Have you ever said sorry at work ?
A few weeks back I was talking to a colleague about how frustrated and upset I was with his behaviour, especially as agreed task where not being delivered.
When I asked him if he thought his behaviour was acceptable with a sheepish look on his face he said no. when I probed a little further and asked him to rate his recent performance he said with a serious stare it was below average.
So why then was this guy behaving this way?
He told me that that he was raised never to say Sorry. Saying sorry for him was a sign of weaknesses and that you should never ever say sorry no matter how bad you f#*k up!!!
This got me wondering – why is sorry such a hard word for some people to say?
In the case of my colleague, he said it was his upbringing but what other reasons are there why people don’t say sorry?
Let’s get a few things clear…. I’m talking about when you are aware you messed up, its that voice inside your head that tells you or its the feeling you get in your stomach.
I’m not talking here about saying sorry & accepting responsibility for something that was not your handy work, such as covering for another colleague’s mistake.
I’m talking here about an error of judgement, misunderstanding, getting your wires cross or simply being an a**h*** which then results in your boss/colleague/team member getting upset …
Which then got me thinking….. How many times have you missed opportunities because you didn’t say sorry?
How many job promotions have you been passed over for because you tried to cover up rather than own a situation and say sorry?
Was there ever a time in your work life where had you have been honest and shown you are vulnerable & occasionally prone to making mistakes it could have made work life better?
3 Benefits to saying sorry and how that will help you earn more money
- Shows you are human and vulnerable like the rest of us.
- Shows you have strength of character by taking responsibility & owning it – Even great leaders make mistake.
- It creates a space to have open, honest communication which results in working towards a solution.
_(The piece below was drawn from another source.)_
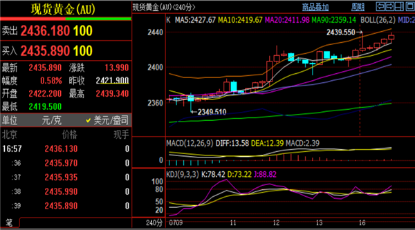黄金实时行情分析:周二黄金早盘触及2420一线止跌反弹,实时现报价2435一线。目前来看黄金短线周期价格明显偏向看涨,但是也逐步接近历年高点2449位置,向上的每一小步都存在很强的压力,交投建仓要保持理智,切记不可在高位追多。技术面来看4小时附图指标上MACD红色量能柱放量,KDJ随机指标金叉上探,加上

Removing animosity.
How to say sorry?
Here’s an example you can use the next time you make a mistake
First – at the earliest opportunity go to your boss/team/client and explain what happened.
Be clear and concise
If you are going to own it – Own it. Admit the error. Don’t blame your mother, the cat or the next door neighbour.
Show remorse – It will endear you to the person whom you are apologising to.
Offer solutions on how you will help fix or improve the situation. This may involve giving the person space to digest what has happened.
Avoid the fake sorry
This is when you pretend to say sorry to manipulate a person or situation – 8 out of 10 the person picks this up and you loose favour as a result. Trust me
Laughing whilst saying sorry – may sound obvious however smiling whilst saying sorry is a no no
If you are owning it then don’t blame others. Stick to the role you played in the situation and express with heart what went wrong
The fact is we are human that means we are going to make mistakes but it’s how we react after the mistake that either helps us rise and become better or makes us loose credibility.
When was the last time you avoided saying sorry?
How did you feel when someone messed you around and refused to say sorry?
Have you avoided saying sorry & why?